**What is expected:**
These records contain pictures, which must be left out; copy exactly the lines from the one with "Doğu Anadolu fay" up to and including the one with "Сценография постановки не".

**Data to use:**
--------------------------------

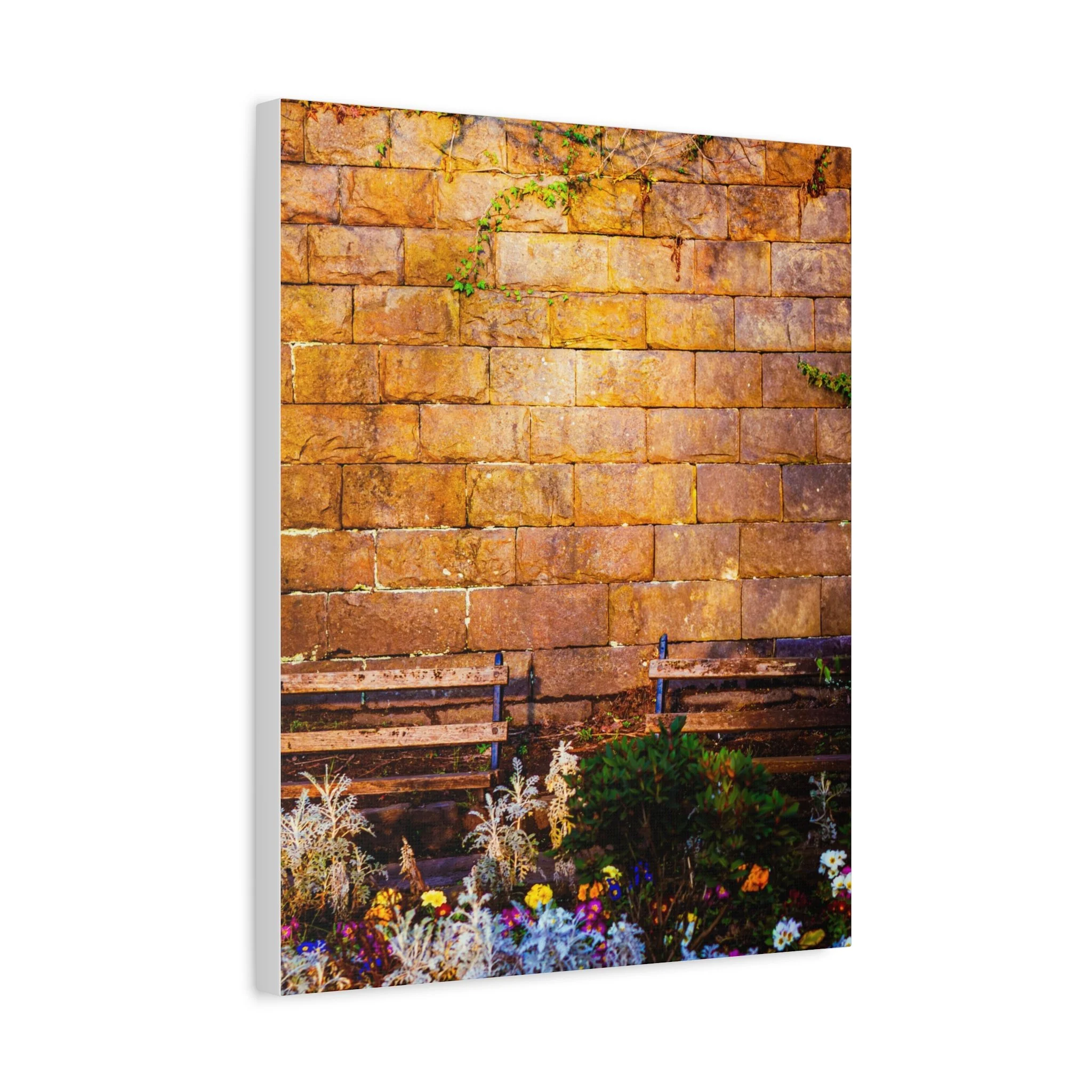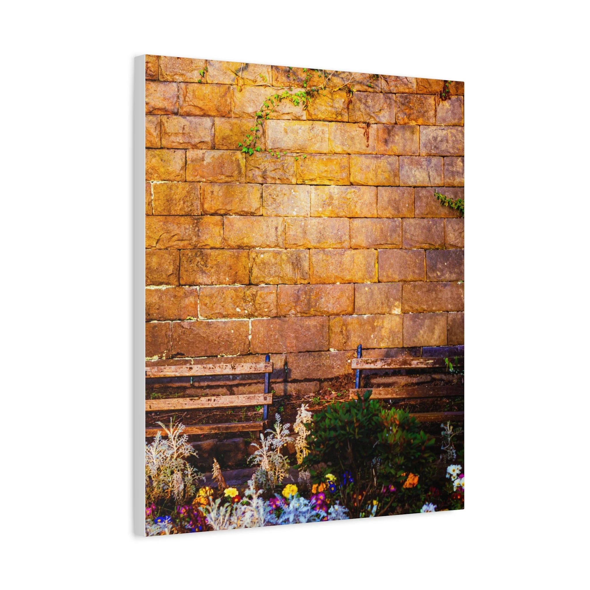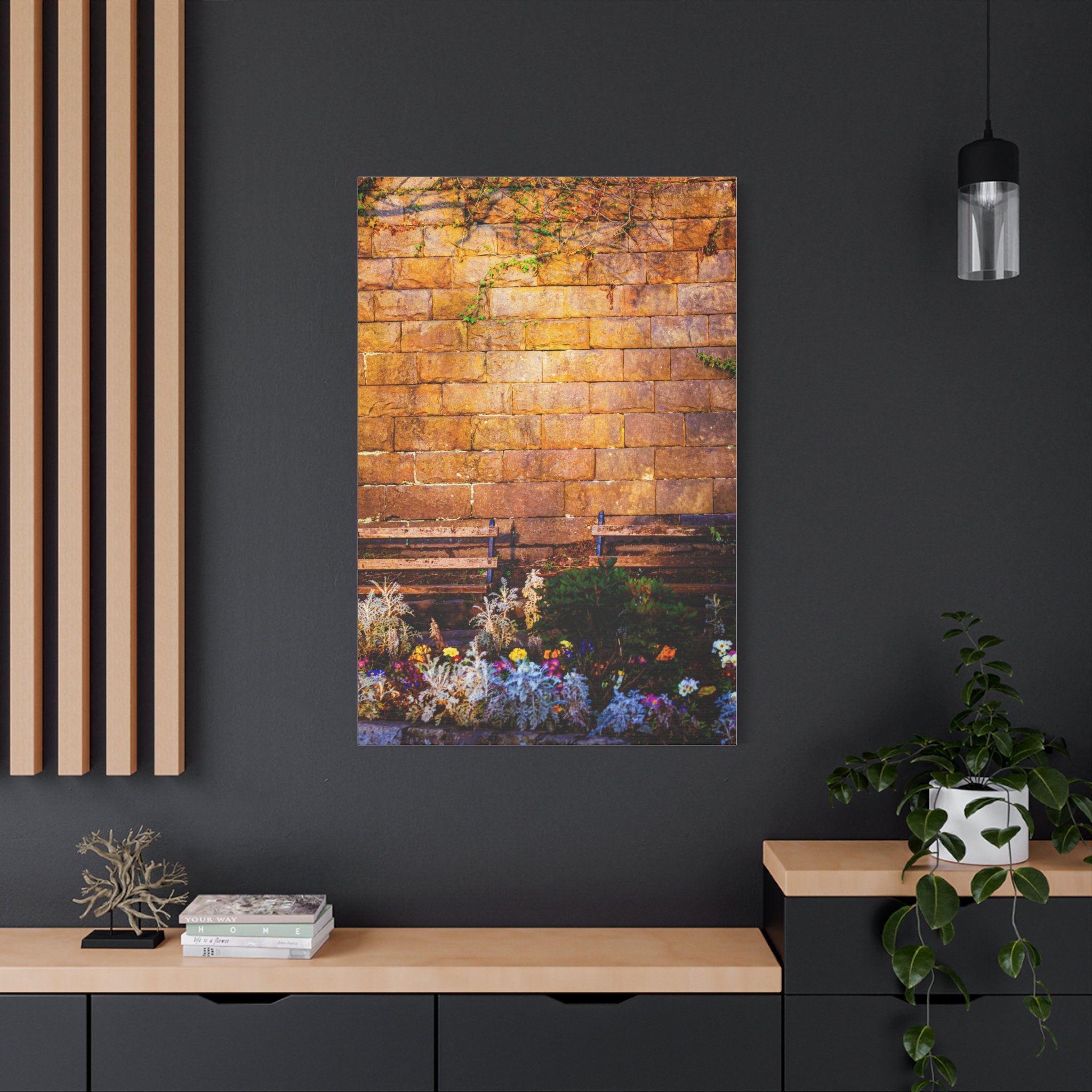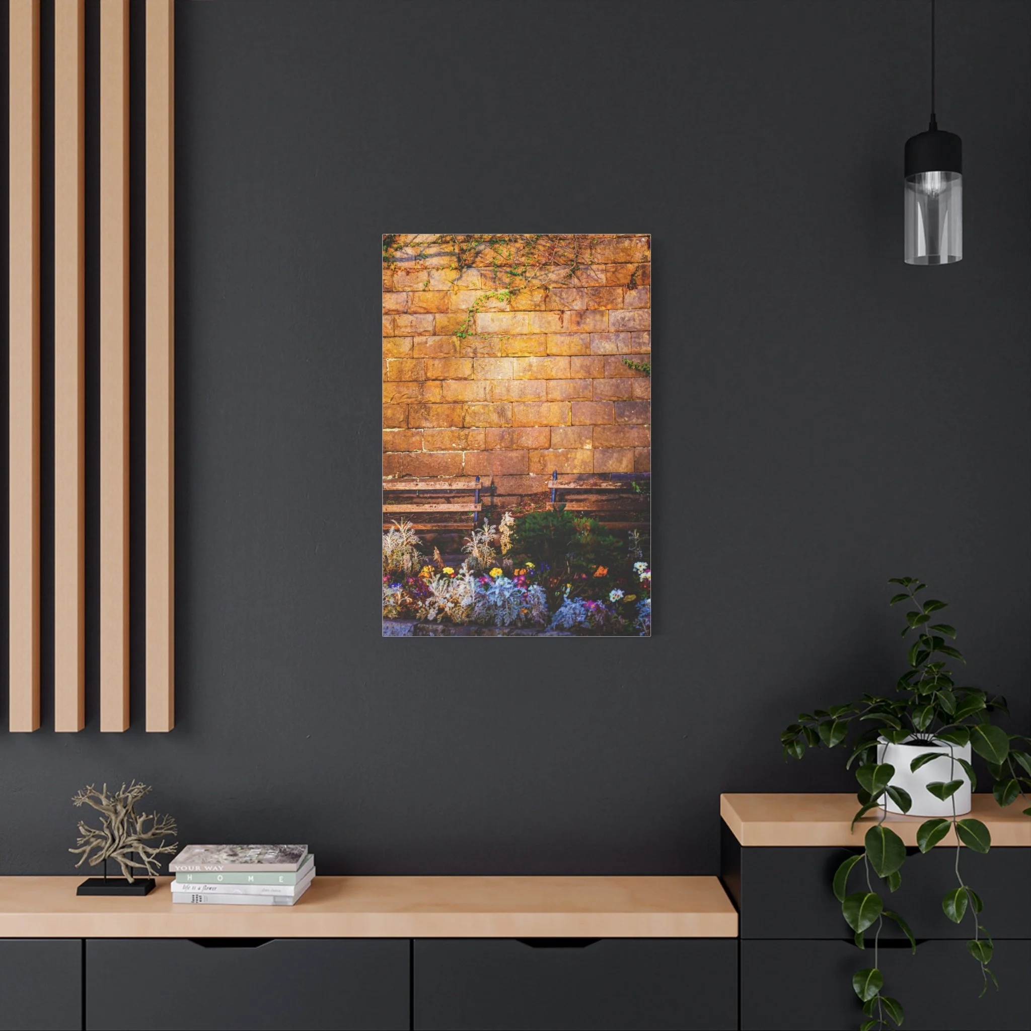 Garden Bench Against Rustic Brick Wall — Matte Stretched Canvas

--------------------------------

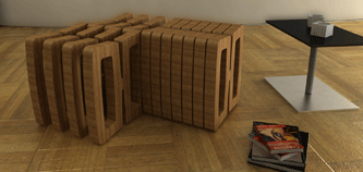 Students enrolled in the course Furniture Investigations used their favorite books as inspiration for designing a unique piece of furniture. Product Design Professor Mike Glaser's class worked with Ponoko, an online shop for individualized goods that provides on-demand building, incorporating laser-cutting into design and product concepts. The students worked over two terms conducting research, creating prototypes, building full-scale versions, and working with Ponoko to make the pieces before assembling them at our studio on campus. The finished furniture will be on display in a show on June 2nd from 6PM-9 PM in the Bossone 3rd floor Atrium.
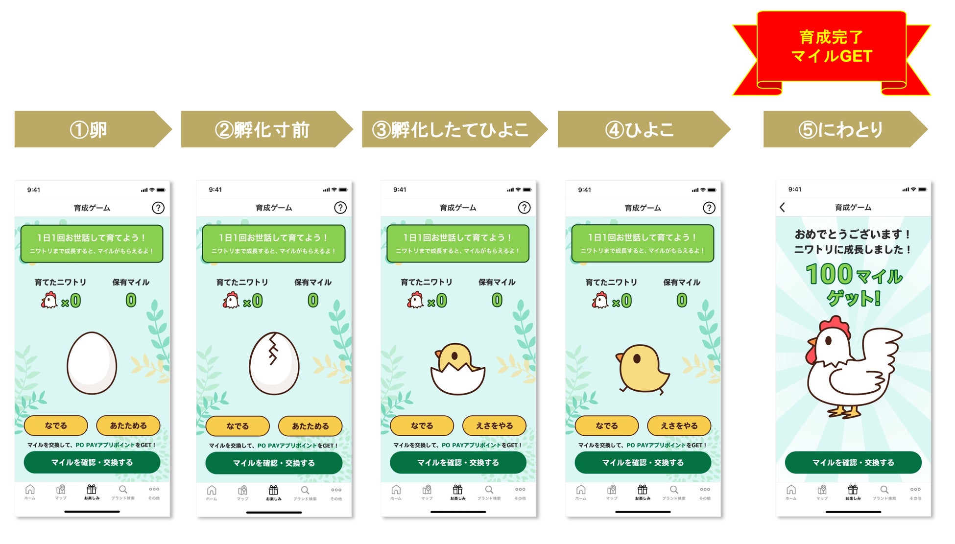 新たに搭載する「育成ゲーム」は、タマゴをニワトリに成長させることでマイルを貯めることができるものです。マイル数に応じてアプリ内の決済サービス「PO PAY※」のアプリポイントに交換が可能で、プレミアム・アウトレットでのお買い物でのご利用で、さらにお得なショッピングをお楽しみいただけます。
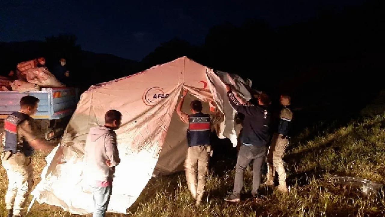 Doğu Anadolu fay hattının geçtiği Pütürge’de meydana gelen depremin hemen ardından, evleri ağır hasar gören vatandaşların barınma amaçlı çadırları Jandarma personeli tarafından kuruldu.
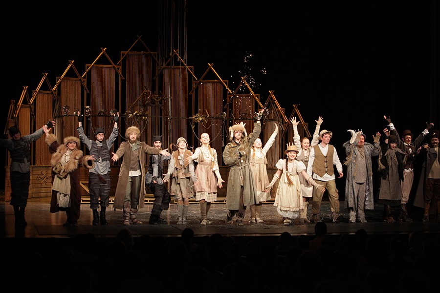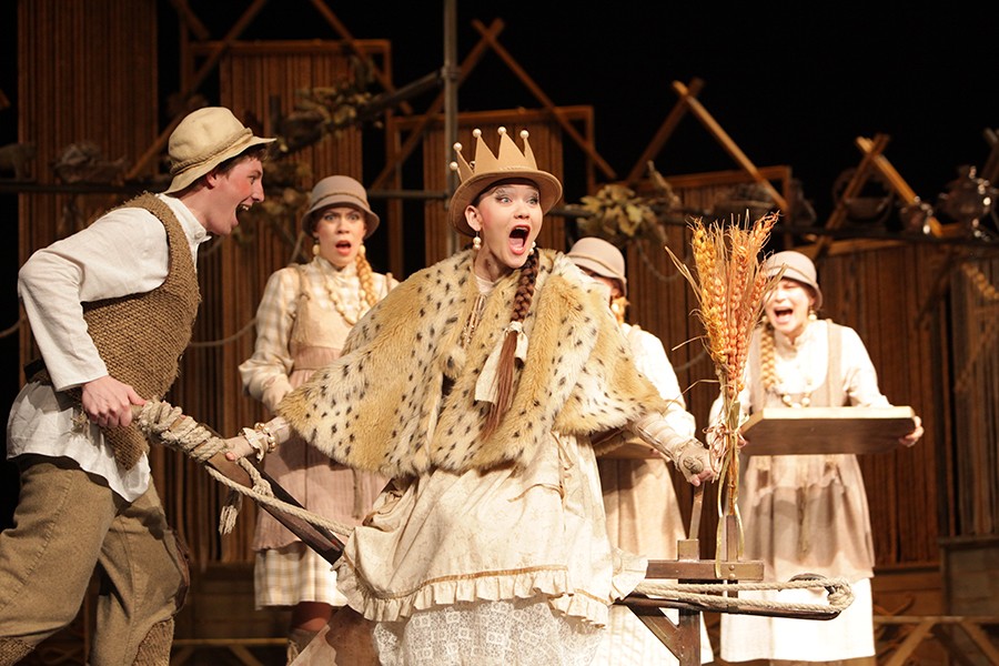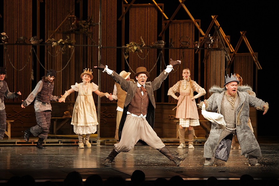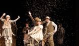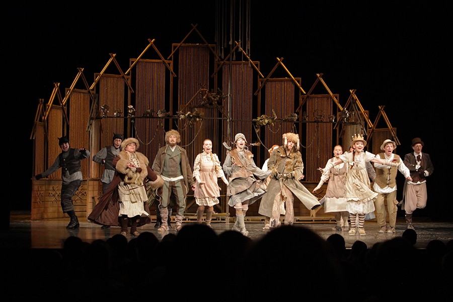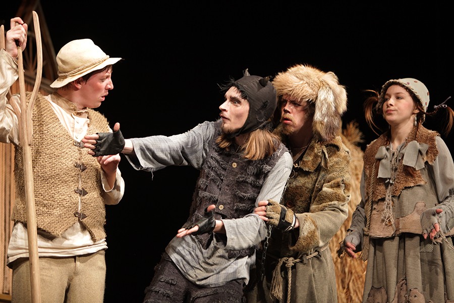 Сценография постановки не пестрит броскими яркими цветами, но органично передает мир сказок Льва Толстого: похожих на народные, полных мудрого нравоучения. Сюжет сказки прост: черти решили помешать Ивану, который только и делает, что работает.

--------------------------------

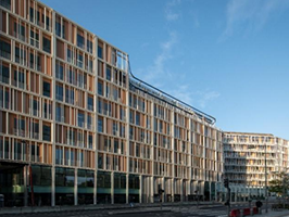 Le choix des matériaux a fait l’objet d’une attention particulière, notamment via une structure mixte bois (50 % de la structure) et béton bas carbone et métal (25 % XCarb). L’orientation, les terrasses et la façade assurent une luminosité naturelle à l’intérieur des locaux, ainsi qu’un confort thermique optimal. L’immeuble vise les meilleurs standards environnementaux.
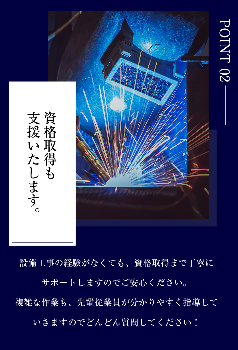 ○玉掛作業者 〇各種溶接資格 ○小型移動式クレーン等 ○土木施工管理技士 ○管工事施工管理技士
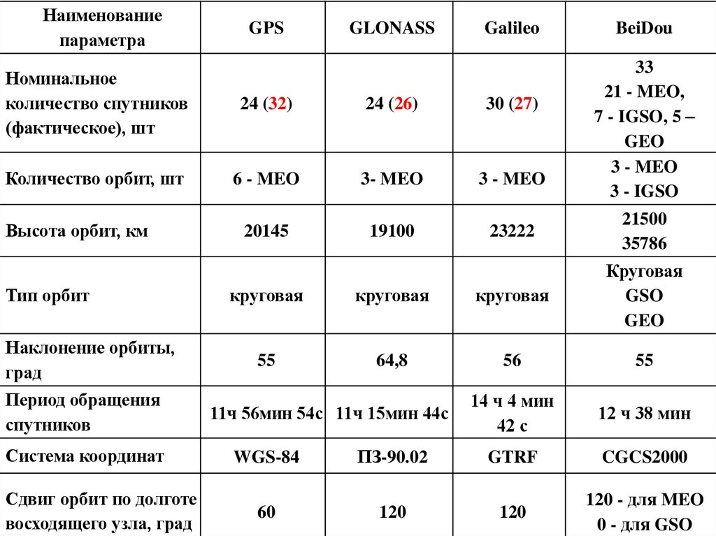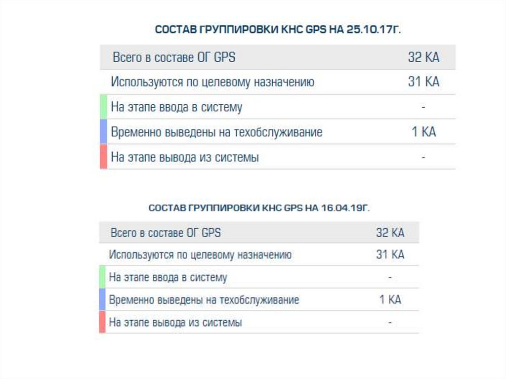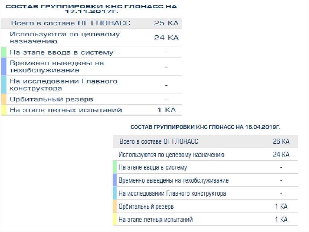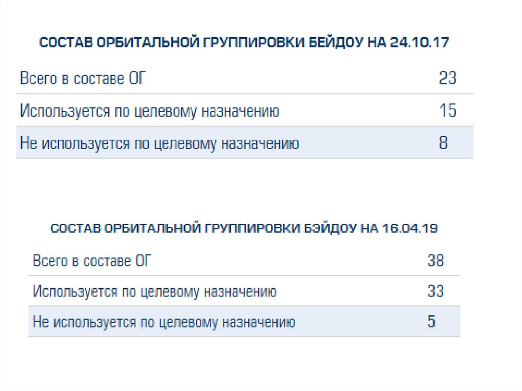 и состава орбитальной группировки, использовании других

--------------------------------

**Task output:**
 Doğu Anadolu fay hattının geçtiği Pütürge’de meydana gelen depremin hemen ardından, evleri ağır hasar gören vatandaşların barınma amaçlı çadırları Jandarma personeli tarafından kuruldu.
 Сценография постановки не пестрит броскими яркими цветами, но органично передает мир сказок Льва Толстого: похожих на народные, полных мудрого нравоучения. Сюжет сказки прост: черти решили помешать Ивану, который только и делает, что работает.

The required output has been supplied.